LONDON - British photographer Jane Bown, who captured Samuel Beckett, John Lennon and Queen Elizabeth II in iconic black and white portraits, has died aged 89, her former employer The Observer reported on Sunday.
The newspaper employed Bown in 1949, and she came to the office each week for over half a century, continuing to work with 35mm film and becoming part of the "DNA" of the newspaper, according to editor John Mulholland.
"She produced some of the most memorable and insightful images of prominent cultural and political figures taken during the 20th century," Mulholland said.
"Her beautifully observed pictures have become part of our cultural landscape."
Her first assignment for the newspaper was to capture the philosopher Bertrand Russell at breakfast in 1949, a task which reportedly "terrified" her.
She went on to capture French writer Jean Cocteau, US actor and director Orson Welles, The Beatles, Rolling Stones frontman Mick Jagger, singer Bjork, and Queen Elizabeth II on her 80th birthday.
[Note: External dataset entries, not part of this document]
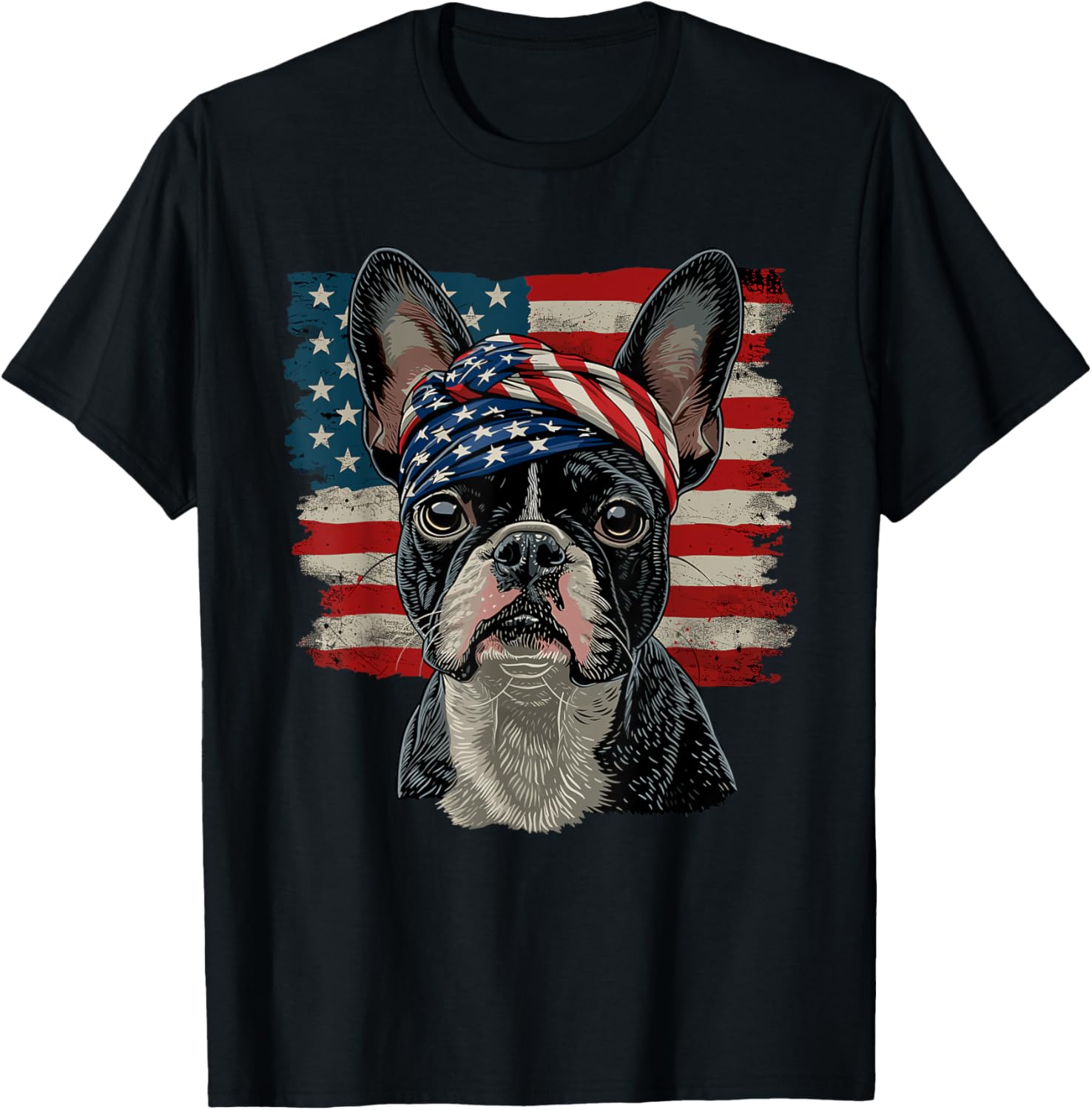 Boston Terrier Patriotic 4th Of July USA American Flag T-Shirt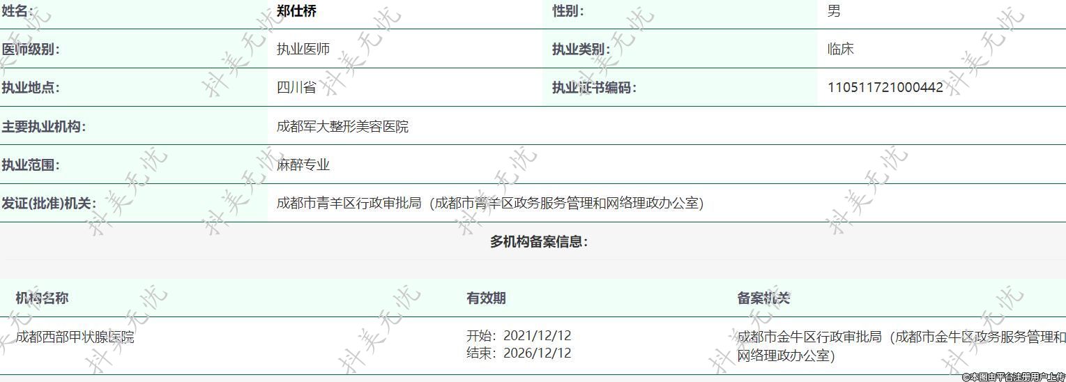 主要執(zhí)業(yè)機構(gòu):成都軍大整形美容醫(yī)院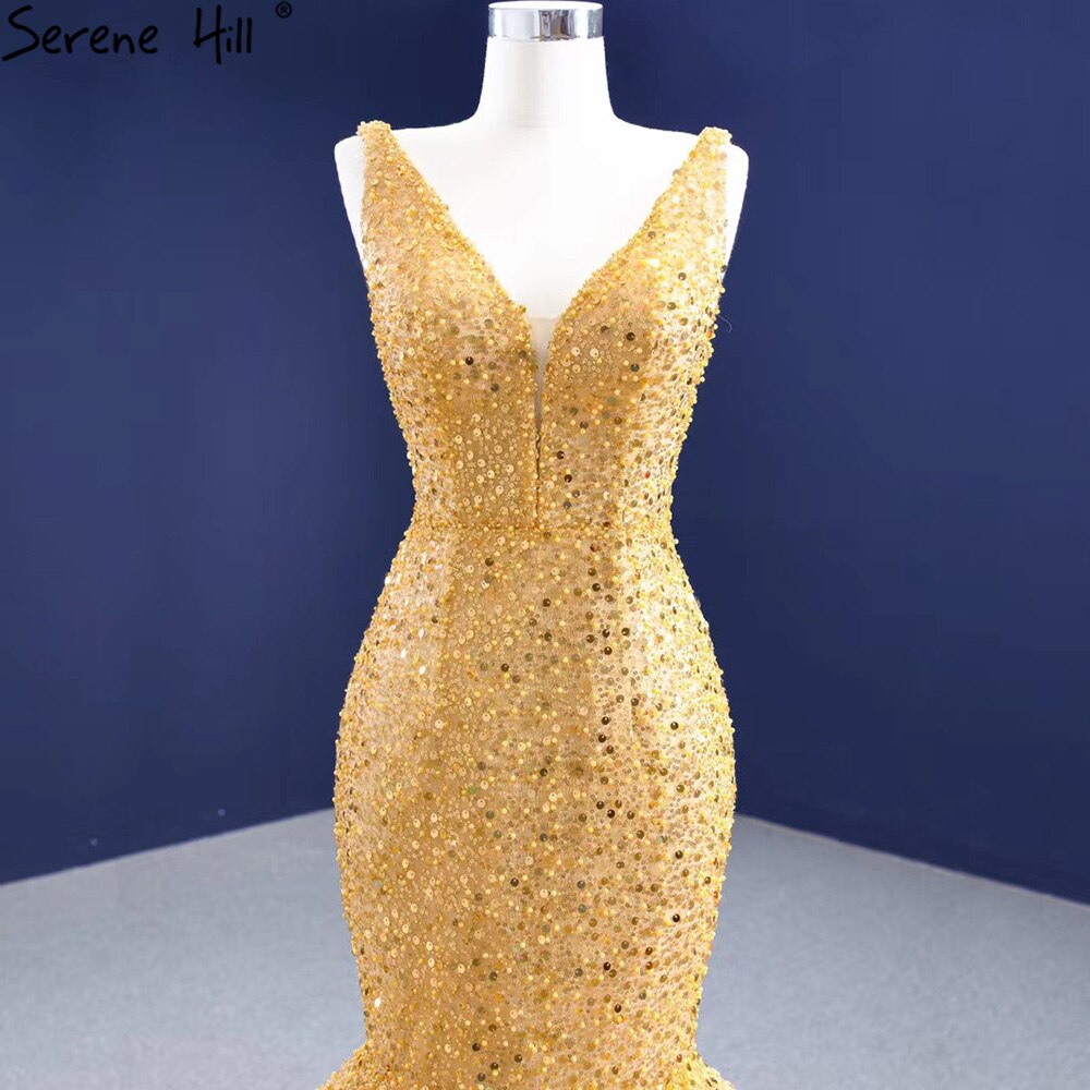 Vestidos de noche dorados estilo sirena con cordones, elegantes y lujosos, con cuentas, para mujer, ideales para fiestas (HM67290)

Perhaps her most famous work is her much-reproduced 1976 photograph of Samuel Beckett, in which the Irish playwright's creased face glares out of the dark of an alley beside a London theatre, where she caught him slipping away from a rehearsal.
Bown's motto was "photographers should neither be seen nor heard", she liked to finish a shoot in 10 minutes, and she disarmed subjects with a "disguise as a respectable little middle class woman from Hampshire", according to the Observer.
"Nobody has taken so many wonderful photographs of so many great faces, with such little fuss as Jane Bown," said photographer and former picture editor Eamon McCabe.
"She was a reluctant star, hating the attention of being well known herself."